The debate among the think-tanks, which influence decision-making but do not wield direct power, is reflected in the ambivalent mood music coming from China's leaders, who accept the need to adapt to a "new normal" of slower but better quality growth, while fretting that a deeper downturn could fuel debt defaults, unemployment and social unrest.

To prevent growth from dipping below 7 percent, some economists are urging Beijing to step up policy support on top of the two interest rate cuts since November and a reduction in the level of deposits banks must hold in reserve.

"Employment is a lagging indicator; if the slowdown persists, it will definitely affect employment," said a senior economist at a well-connected think-tank who declined to be named.

"We still need to cut interest rates, bank reserve ratios and taxes, (and) the exchange rate should become more flexible."

Employment is for now holding up despite signs of rising job losses in some regions, including the rust-belt northeastern provinces, which Premier Li Keqiang visited last week, pledging to "stand up to" the downward pressure on the economy.
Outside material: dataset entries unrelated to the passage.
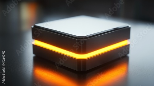 square, cube, device, modern, technology, electronic, contraption, light, glowing, orange, illumination, digital, edge, border, surface, table, dark, sleek, metallic, chrome, shiny, geometric, abstract, design, studio, closeup, texture, smooth, detail, shape, angled, bright, energy, vibrant, render, simple, minimalist, solid, box, object, futuristic, clean, ambient, artificial, sharpened, soft, shadow
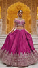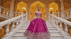 Fuşya Kadife Korse Sırtlı Bridal Lehenga — Kısa Kol & Çok Renkli Zardozi
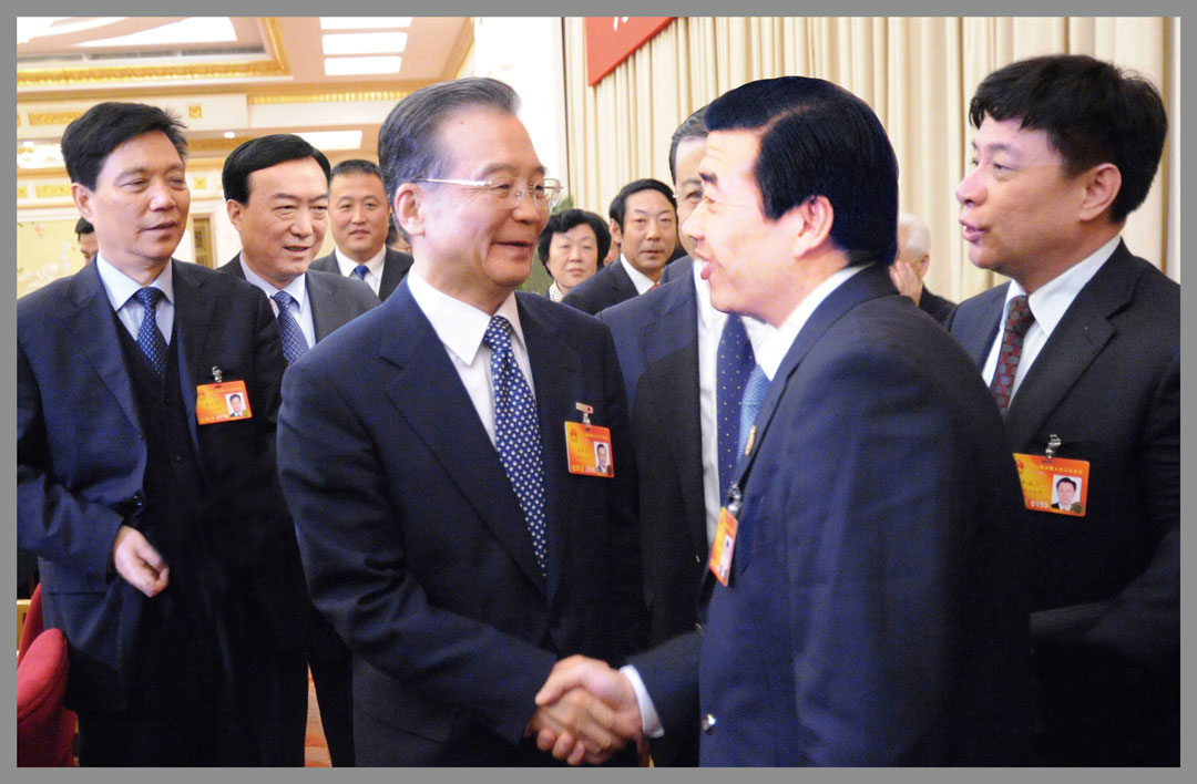時任中央政治局常委、國務院總理溫家寶與楊建忠董事長親切握手
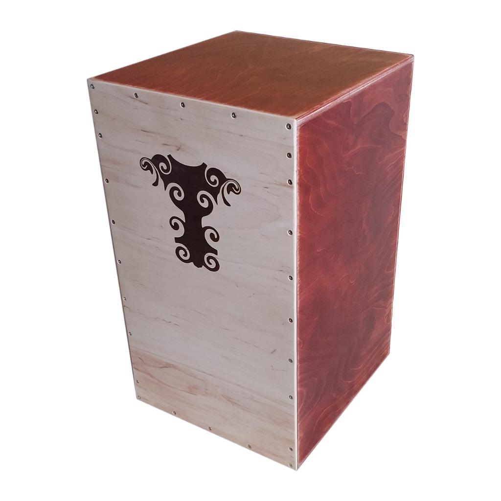 Witam, oferuję na sprzedaż cajon, samodzielnie wykonany, w bardzo dobrym stanie. Instrument wykonany jest ze sklejki brzozowo – olchowej grubość 9 mm (boki, spód, góra) , tył grubość 6 mm, przód ze sklejki brzozowej 3 mm. Całość wykończona natryskowo lakierem akrylowym do drewna, z dodatkowym wybarwieniem elementów bocznych, tylnych, góry i dołu, tak jak to widać na zdjęciach. Przód zdobiony grawerem laserowym.
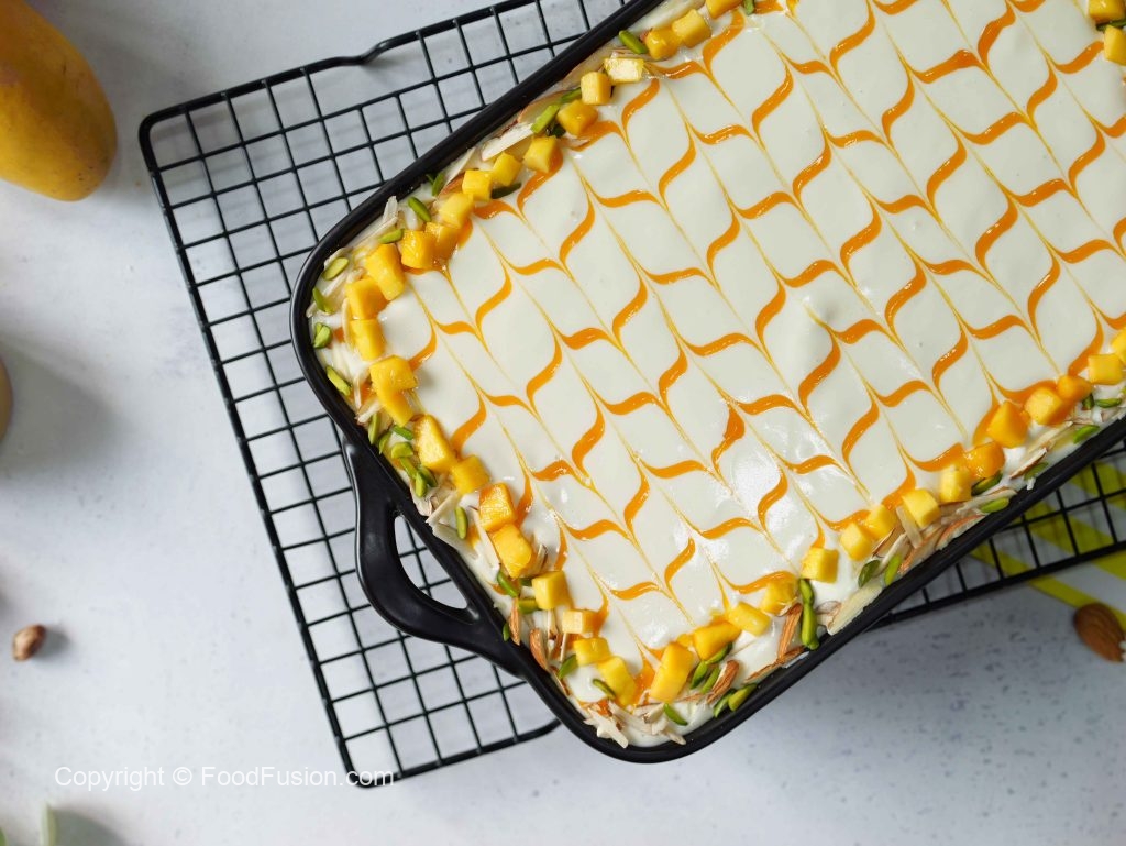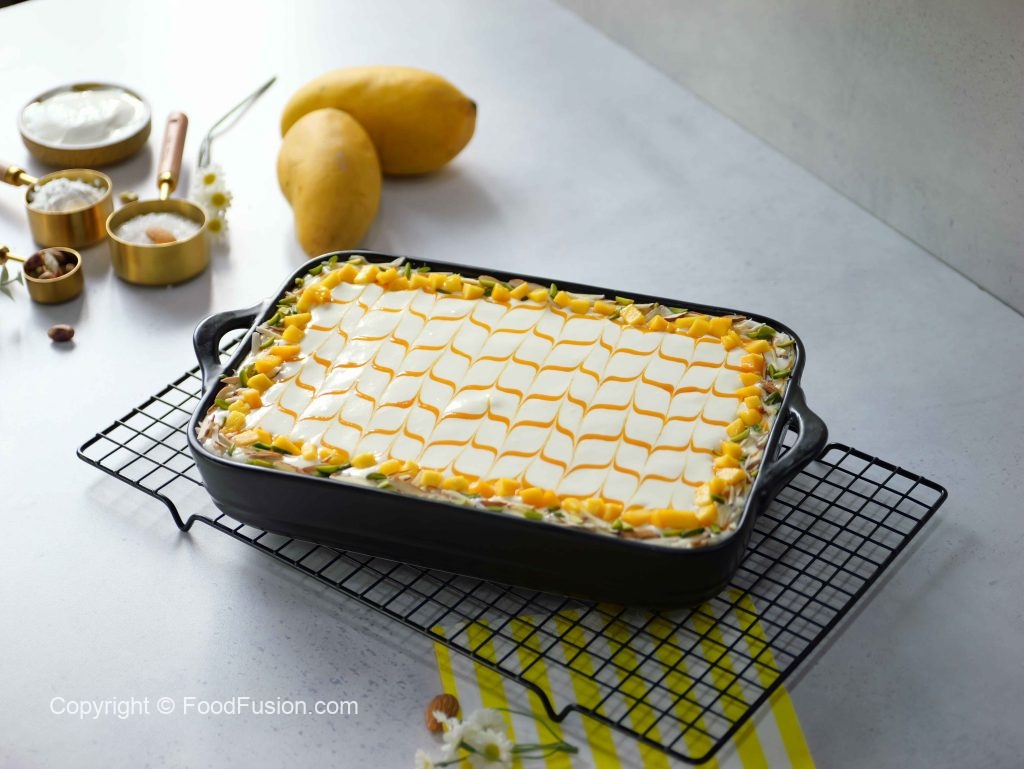 -Add & spread prepared cream mixture & garnish with prepared mango puree,almonds,pistachios & mango cubes.
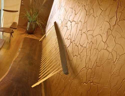 Разновидность этого метода позволяет получить не менее интересную фактуру из неокрашенной смеси. Для этого наштампованный валиком узор слегка затирают в разных направлениях. Особенно хорошо выглядит декоративная отделка, если узор на валике содержал мелкие детали. При желании можно обойтись без валика и использовать для отделки саму кельму, прижимая ее к стене, а затем отрывая в перпендикулярном к стене направлении. Получившиеся зубцы слегка затереть кельмой.
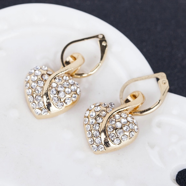 a pair of earrings,decorated with a heart pendant,which is inlaid with rhinestone details,

"The real downward pressure may be even bigger than the headline figures," said an economist who advises the government.

"The biggest difficulty is not slowdown itself. Many debt-laden firms cannot repay bank loans, and we must boost the money supply as quickly as possible to reduce real interest rates."

The economist called for deeper cuts to banks' reserve requirement ratio (RRR) this year, probably by 3-4 percentage points from the current 19.5 percent, and some yuan depreciation to help exporters.

Despite the rate cuts and lower RRR, falling inflation has kept real borrowing costs high.

Lu Zhengwei, chief economist at the Industrial Bank, has also called for yuan depreciation to support growth, but China's leaders are concerned it would encourage a further outflow of capital. Premier Li has ruled it out, even as he conceded that the 2015 growth target won't be easy.

"They will have to cut interest rates and RRR and boost investment, which may only provide a short relief for the economy but cannot change the downward trend," said Lu.

BOOST OR BUBBLE?

But other advisers say Beijing should tolerate lower growth, chastened by the experience of its last heavy stimulus programme after the global financial crisis, which saddled state-owned enterprises and local authorities with a mountain of debt, run up sometimes for projects of doubtful value.

These advisers argue that reforms to make the economy more efficient and responsive to market signals, which in the short term means letting weak companies fail and unproductive jobs evaporate, will produce better quality growth, while excessive stimulus could promote dangerous asset bubbles.

"They (leaders) are worried about the economy, but policy steps have limited effectiveness due to excessive investment in the past," said an economist with a think-tank affiliated to the National Development Reform Commission, the top planning agency.

Cai Fang, vice head of the Chinese Academy of Social Sciences (CASS), a government think-tank, also wants more emphasis on reforms. He advocates relaxing rules on family planning and the household registration system, which ties people's access to services to their residential status.

"We have used a variety of approaches to appropriately stimulate economic growth, but they are apparently not very useful," he told a high-level conference last month.

"That will make policymakers realise that they cannot use traditional means to boost economic growth potentials and must look to reforms to unleash dividends."

Those dividends should include government's long-term goal of reducing the burden of debt in the economy, while excessive stimulus risks further inflating speculative bubbles.